A plausible "decompressor" is at least, say, 30 or 100 bytes, so the random file needs to have 30 bytes less entropy than you expected, which happens with probability X where X << 1/50. Sum over the whole domain of reasonable decompressors, and you still don't get there.
This argument could do with more rigor, but I think it's correct. Give me 100 million to 1 odds, though, and I'll take my chances trying to brute force a compressor.
This is actually an extremely interesting question. 'Weak' files that are more easily compressable than others certainly exist, but with low probability.
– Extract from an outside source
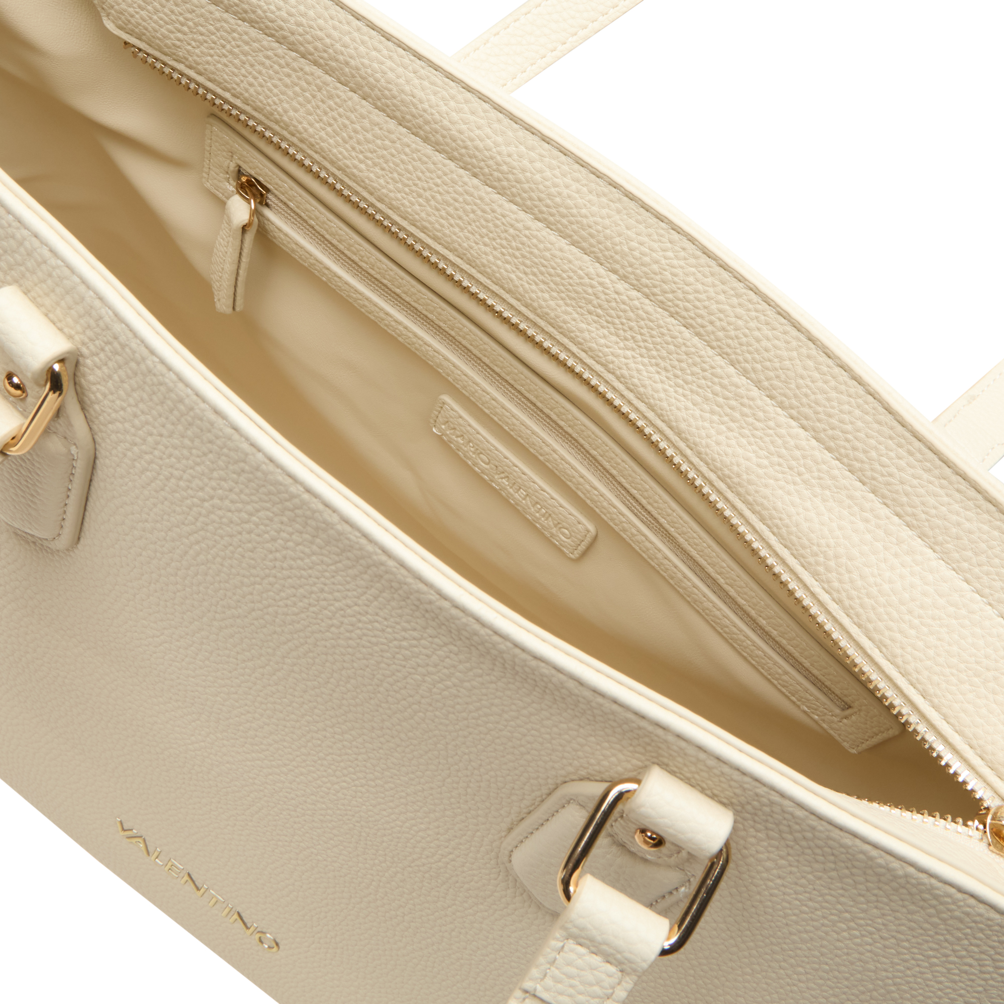 - Top handles, top zip fastening, structured silhouette, logo lettering, gold-tone hardware, textured finish

For example, the all-zeros file is a member of the set of all random 3 megabyte files, and it would certainly be possible to compress that, if by great good fortune you were lucky enough to receive it - albeit something that is unlikely to ever happen in the possible lifetime of the universe, given current physical theories.
Is it possible to quantify this idea of a 'weak' file more accurately?
I know very little about this, but a little googling suggests that the measure you're looking for is entropy, which has a mathematical definition: https://en.wikipedia.org/wiki/Entropy_(information_theory)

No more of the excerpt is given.